最新推荐文章于 2025-04-04 18:30:14 发布

阅读量1.2k

点赞数 12

文章标签： python 爬虫

本文链接：https://blog.csdn.net/m0_46700310/article/details/146376245

版权

目标数据

(1) 店铺信息
• 店铺 ID (shopId)
• 店铺名称
• 地址
• 电话
• 评分
• 人均消费
• 特色菜品
• 营业时间

(2) 评论内容
• 用户昵称
• 评分
• 评论内容
• 评论时间
• 点赞数
• 图片/视频

⸻

爬取方案

(1) 获取店铺列表

入口：
• 直接访问搜索页获取店铺列表，如：

https://www.dianping.com/search/keyword/2/0_火锅

•	也可以使用 百度/Google 搜索 site:dianping.com 火锅，获取店铺 URL。

方法：
• 使用 Selenium 爬取动态加载的店铺信息：

from selenium.webdriver.chrome.options import Options
from selenium.webdriver.common.by import By
import time

options = Options()
options.add_argument("--headless")  # 无头模式
options.add_argument("user-agent=Mozilla/5.0 (Windows NT 10.0; Win64; x64) AppleWebKit/537.36 (KHTML, like Gecko) Chrome/120.0.0.0 Safari/537.36")
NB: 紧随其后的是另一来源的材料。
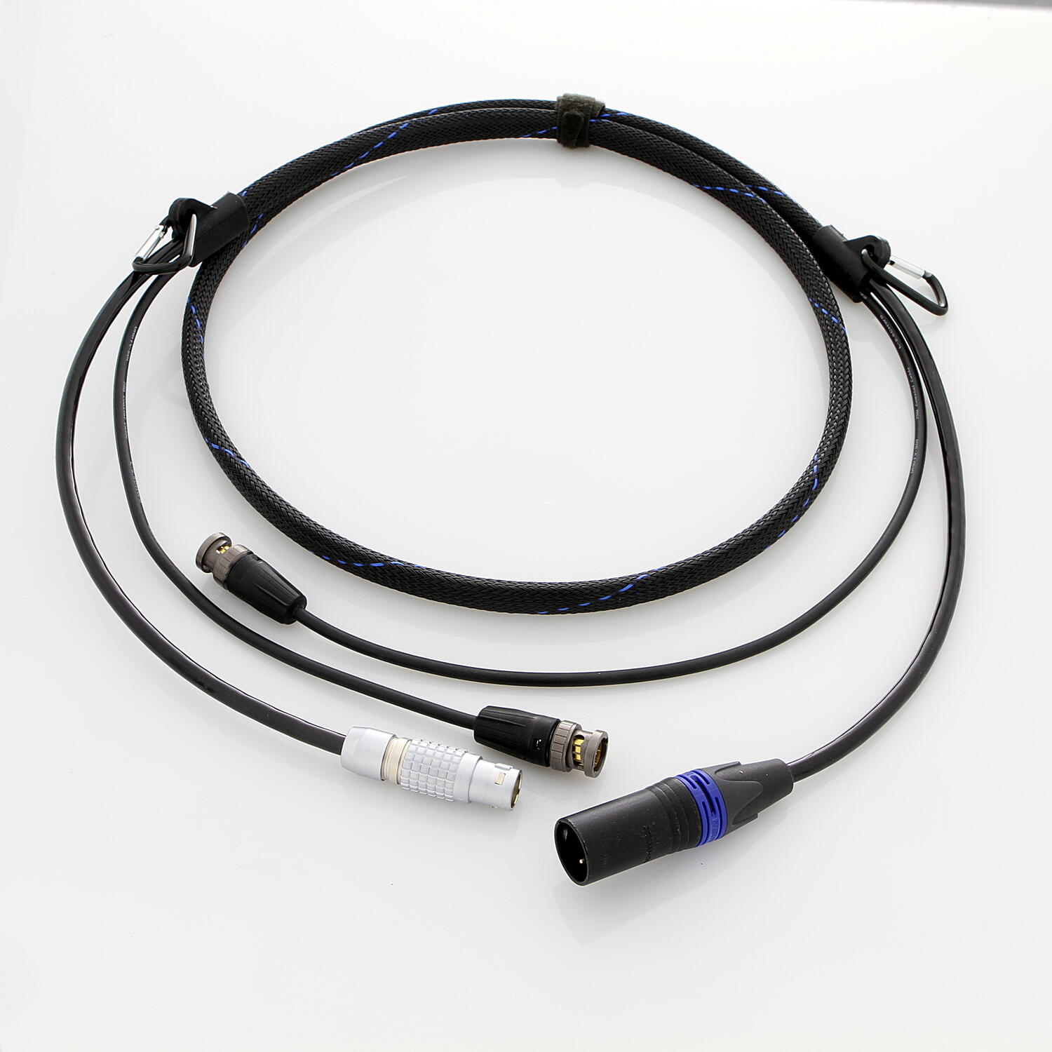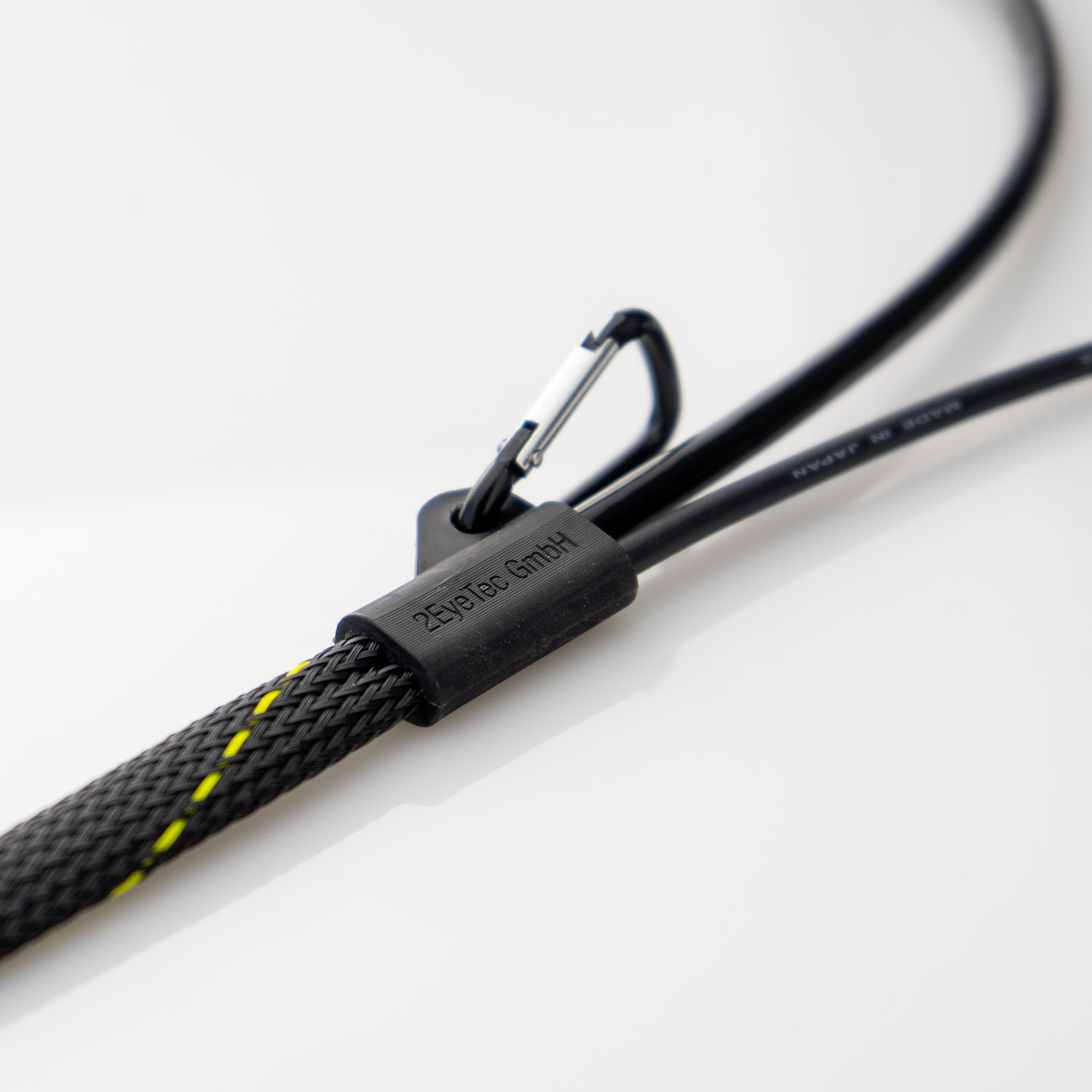 A combined power and video cable completes the setup. In this combination cable, a cable for the power supply and a flexible, 12G-capable BNC cable are combined in a braided tube. The ends of the braided sleeving are moulded to the cable to create a robust connection. It is virtually impossible for the braiding to slip out, as can happen when using heat-shrink tubing. An eyelet is also incorporated at both ends for strain relief.

driver = webdriver.Chrome(options=options)
driver.get("https://www.dianping.com/search/keyword/2/0_火锅")
time.sleep(3)

shop_elements = driver.find_elements(By.CSS_SELECTOR, ".tit a")
for shop in shop_elements:
    print(shop.text, shop.get_attribute("href"))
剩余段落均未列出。